The hidden dangers in Putin’s open skies request

Russia’s February 2016 request to fly reconnaissance aircraft loaded with high-tech digital sensors over the entire United States would seem reasonable under the Open Skies Treaty, signed in Helsinki in 1992 by the U.S. and 23 other countries and finally ratified by Russia and Belarus in 2002, when the treaty entered into force.  It now has 34 states as parties.  The treaty permits unarmed flights over signatory nations, aimed at fostering transparency about military activity.  The treaty was meant to prevent miscalculation about military threats and to help monitor arms control agreements.  The treaty has seen Russian and American reconnaissance planes flying over each other’s territory for years.

This sudden request for more Russian overflights raises questions, since Mr.
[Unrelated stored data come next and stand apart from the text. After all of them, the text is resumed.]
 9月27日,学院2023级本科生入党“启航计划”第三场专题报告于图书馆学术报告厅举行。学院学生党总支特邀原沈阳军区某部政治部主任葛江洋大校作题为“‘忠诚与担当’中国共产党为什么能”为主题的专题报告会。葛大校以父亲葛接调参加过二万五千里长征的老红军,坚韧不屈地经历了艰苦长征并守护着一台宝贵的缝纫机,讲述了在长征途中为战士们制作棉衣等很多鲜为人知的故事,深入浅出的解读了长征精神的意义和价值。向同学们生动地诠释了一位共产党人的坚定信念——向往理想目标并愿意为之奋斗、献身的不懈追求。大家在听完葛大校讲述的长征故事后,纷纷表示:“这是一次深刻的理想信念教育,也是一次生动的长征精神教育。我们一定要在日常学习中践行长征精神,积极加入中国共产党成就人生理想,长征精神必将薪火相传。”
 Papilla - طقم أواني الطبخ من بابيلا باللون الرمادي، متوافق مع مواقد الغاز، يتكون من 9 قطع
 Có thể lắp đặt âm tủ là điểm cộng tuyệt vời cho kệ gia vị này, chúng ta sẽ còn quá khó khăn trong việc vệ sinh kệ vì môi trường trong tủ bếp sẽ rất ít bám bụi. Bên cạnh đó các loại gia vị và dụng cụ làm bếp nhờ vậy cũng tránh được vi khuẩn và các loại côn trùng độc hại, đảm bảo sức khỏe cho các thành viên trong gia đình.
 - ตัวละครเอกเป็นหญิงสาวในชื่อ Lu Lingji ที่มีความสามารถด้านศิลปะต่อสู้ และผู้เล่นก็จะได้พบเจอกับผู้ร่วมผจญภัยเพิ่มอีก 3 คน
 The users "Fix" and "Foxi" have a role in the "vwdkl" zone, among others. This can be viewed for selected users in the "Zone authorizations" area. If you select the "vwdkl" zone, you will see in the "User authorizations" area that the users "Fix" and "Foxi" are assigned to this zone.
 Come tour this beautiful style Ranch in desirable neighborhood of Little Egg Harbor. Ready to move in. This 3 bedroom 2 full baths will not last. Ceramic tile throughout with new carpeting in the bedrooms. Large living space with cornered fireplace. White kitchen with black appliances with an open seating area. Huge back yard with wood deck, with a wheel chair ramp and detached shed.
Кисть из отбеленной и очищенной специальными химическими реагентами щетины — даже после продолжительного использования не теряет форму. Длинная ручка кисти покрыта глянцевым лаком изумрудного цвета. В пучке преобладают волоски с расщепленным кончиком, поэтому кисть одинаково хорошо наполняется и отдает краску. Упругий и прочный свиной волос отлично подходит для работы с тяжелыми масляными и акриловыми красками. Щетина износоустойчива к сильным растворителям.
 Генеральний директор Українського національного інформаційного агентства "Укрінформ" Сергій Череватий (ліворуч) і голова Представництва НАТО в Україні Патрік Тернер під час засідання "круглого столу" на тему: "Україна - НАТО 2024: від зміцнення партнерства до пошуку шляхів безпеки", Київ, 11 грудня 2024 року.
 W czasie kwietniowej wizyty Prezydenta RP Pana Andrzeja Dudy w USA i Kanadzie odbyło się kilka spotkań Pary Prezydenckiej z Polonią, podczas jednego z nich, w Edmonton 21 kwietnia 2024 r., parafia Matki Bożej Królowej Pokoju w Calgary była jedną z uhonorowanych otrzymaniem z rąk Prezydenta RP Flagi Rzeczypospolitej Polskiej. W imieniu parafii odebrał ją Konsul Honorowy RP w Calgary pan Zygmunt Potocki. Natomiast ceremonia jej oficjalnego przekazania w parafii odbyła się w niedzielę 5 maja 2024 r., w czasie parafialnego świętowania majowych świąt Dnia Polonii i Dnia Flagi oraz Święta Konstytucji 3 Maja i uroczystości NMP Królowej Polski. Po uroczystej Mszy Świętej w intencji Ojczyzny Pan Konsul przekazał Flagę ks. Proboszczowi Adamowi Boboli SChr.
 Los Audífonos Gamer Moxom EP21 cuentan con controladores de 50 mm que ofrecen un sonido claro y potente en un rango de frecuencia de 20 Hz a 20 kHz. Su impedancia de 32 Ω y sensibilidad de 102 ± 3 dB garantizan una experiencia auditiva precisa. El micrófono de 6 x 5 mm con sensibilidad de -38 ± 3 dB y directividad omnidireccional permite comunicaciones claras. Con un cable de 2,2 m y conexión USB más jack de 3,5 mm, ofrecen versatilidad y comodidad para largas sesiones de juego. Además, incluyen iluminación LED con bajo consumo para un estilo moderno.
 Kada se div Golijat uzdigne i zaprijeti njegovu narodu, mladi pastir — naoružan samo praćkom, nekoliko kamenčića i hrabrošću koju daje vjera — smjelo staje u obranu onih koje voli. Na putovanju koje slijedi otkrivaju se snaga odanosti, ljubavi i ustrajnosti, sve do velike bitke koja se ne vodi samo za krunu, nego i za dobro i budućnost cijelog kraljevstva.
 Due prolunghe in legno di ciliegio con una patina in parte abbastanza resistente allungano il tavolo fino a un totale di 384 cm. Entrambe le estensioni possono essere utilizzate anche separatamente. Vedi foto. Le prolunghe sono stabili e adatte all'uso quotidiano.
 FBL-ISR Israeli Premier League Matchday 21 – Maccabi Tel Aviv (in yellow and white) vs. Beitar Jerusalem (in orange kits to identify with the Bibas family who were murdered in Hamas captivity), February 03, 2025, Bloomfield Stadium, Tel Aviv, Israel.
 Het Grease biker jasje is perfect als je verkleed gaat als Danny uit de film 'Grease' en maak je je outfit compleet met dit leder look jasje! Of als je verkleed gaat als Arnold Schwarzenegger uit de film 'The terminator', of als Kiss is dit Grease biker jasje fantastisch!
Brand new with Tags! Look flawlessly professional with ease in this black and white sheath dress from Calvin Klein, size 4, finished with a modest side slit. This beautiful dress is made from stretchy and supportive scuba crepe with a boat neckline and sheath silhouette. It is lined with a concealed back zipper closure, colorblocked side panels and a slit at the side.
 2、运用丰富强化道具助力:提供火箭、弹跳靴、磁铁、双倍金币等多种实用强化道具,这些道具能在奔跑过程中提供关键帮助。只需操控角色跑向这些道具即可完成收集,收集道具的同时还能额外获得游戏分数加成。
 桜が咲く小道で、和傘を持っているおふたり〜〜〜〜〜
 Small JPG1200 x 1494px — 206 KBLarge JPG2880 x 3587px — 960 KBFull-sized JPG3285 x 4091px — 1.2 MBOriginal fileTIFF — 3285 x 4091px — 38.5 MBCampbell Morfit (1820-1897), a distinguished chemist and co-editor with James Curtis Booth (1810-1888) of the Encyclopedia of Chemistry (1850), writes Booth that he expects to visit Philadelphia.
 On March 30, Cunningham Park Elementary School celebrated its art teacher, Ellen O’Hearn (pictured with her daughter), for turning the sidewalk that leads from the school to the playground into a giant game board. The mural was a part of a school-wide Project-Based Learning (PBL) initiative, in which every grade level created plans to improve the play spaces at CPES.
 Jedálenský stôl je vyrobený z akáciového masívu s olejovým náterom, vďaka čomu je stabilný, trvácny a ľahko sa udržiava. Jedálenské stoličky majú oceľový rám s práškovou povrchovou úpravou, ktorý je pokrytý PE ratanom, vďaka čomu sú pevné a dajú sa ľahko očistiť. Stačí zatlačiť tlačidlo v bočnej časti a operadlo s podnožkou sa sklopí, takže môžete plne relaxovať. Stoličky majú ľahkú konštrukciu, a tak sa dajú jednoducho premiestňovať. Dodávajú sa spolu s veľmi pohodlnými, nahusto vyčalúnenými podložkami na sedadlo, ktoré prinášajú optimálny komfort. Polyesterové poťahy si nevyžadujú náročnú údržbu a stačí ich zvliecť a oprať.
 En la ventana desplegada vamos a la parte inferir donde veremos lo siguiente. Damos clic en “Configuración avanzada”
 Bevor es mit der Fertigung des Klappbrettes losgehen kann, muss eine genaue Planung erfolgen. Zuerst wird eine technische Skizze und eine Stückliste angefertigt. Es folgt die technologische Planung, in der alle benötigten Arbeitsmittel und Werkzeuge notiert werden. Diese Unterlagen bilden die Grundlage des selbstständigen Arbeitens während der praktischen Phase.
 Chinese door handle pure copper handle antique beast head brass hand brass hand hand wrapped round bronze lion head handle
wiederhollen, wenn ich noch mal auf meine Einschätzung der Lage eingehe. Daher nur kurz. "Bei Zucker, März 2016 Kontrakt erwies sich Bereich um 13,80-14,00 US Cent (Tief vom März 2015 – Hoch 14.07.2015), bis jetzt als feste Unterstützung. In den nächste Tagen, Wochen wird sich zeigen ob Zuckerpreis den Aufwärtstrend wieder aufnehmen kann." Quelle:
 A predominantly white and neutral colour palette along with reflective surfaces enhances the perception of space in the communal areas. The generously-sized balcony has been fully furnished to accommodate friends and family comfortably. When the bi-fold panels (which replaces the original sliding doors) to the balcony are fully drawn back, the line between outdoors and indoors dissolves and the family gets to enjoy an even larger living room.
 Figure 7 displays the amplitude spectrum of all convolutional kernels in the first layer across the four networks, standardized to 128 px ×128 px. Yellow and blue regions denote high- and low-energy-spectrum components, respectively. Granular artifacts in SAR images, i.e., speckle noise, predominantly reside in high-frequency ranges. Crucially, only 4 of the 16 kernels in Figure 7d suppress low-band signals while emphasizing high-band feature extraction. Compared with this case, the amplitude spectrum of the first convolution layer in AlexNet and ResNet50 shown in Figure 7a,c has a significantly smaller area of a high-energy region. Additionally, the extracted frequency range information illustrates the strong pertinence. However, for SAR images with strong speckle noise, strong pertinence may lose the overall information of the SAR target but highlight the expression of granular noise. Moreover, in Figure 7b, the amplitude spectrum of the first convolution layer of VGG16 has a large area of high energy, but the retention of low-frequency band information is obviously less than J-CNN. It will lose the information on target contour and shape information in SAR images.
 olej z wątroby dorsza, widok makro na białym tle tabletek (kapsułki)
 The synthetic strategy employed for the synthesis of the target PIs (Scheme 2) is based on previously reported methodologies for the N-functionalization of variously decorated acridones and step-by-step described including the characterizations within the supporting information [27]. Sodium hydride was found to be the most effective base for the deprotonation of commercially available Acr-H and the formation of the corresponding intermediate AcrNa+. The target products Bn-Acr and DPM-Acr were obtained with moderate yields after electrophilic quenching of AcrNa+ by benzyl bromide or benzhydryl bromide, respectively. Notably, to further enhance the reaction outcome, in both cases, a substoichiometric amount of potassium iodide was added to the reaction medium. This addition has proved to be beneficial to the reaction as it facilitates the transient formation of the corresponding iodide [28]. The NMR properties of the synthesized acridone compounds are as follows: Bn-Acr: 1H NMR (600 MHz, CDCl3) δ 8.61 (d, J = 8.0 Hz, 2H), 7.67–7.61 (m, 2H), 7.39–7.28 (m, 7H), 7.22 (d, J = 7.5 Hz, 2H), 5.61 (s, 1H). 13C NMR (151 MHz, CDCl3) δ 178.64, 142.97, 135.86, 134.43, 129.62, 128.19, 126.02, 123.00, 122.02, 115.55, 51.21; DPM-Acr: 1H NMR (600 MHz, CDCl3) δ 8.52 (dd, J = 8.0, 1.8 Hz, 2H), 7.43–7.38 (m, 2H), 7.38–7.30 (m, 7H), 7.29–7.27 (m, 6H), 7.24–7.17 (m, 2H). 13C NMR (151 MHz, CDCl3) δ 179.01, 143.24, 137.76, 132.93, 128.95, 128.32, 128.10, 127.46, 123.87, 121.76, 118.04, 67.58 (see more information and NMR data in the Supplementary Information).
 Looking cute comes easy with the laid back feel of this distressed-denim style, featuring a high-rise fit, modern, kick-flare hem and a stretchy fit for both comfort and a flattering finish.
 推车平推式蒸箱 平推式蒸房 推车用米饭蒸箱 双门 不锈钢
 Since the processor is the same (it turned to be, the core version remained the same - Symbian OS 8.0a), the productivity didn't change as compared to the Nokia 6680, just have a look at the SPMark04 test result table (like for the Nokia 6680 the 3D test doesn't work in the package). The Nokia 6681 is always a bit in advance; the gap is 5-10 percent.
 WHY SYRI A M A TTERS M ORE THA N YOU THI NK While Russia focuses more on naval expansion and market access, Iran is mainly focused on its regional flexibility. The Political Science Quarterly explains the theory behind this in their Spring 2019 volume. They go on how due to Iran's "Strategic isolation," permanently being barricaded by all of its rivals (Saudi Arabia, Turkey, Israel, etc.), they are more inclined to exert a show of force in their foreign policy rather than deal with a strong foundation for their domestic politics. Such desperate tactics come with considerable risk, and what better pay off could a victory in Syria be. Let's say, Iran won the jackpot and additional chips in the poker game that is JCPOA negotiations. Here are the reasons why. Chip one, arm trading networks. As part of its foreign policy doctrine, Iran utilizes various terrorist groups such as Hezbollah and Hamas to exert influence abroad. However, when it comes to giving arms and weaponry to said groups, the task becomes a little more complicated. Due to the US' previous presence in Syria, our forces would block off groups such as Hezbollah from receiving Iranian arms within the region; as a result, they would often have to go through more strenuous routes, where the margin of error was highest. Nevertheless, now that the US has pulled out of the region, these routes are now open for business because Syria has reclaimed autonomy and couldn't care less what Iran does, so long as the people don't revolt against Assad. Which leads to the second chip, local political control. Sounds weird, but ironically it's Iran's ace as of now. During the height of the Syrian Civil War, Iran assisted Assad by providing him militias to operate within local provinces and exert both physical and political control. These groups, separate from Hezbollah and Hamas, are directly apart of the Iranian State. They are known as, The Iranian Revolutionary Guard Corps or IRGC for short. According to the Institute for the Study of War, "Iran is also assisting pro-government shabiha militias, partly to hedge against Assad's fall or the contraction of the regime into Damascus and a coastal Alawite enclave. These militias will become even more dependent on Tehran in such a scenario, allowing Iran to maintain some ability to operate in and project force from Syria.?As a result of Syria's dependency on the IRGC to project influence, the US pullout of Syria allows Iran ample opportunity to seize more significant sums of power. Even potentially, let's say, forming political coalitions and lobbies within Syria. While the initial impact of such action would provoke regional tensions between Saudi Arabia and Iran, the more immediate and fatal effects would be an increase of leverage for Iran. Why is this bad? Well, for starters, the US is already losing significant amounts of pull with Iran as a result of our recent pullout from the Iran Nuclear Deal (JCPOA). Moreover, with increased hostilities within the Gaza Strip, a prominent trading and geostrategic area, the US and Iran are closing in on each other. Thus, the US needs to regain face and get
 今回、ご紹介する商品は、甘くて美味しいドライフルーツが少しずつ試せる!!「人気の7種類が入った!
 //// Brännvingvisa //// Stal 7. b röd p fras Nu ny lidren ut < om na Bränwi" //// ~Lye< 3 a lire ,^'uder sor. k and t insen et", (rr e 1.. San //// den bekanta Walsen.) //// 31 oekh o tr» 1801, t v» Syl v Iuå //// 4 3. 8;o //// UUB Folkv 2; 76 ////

Putin’s clandestine intelligence services and high-tech spy satellites, along with Russia’s earlier Open Skies Treaty flights over the U.S., have already provided the information he needs about American offensive and defensive military capabilities and intentions.  One can be more certain, knowing that Putin is a wily, ambitious, and successful strategic thinker, that there is more to this request.  So we need to look carefully.

In that vein, what could be gained now with additional flights?  We need to look first at what’s new and different since 1992.  The answer could be hidden if the requested Russian flights are for lower altitudes and depending on what high-tech sensors they plan to use.  The recent Russian launchings of cruise missiles from the Caspian Sea to targets thousands of miles away in Syria could provide some of the answers.

What’s different is our military’s incredible tactical advantages using GPS for precise navigation and targeting.  Just as quickly, Russia, along with China, recognized this substantial U.S. advantage and began developing its own version of GPS, along with electronic jammers to degrade our GPS systems.  Russia’s version of GPS is called GLONASS, and it brings Russia’s navigation and targeting up to par.  What the Russians might now need are the precise GLONASS coordinates for a large number of critical U.S. targets, which could be precisely targeted by low-level, long-range Russian cruise missiles, against which defense is difficult, if not impossible.  Such targets could include national critical infrastructure targets such as power grids, dams, and other non-military targets that could readily cripple our nation.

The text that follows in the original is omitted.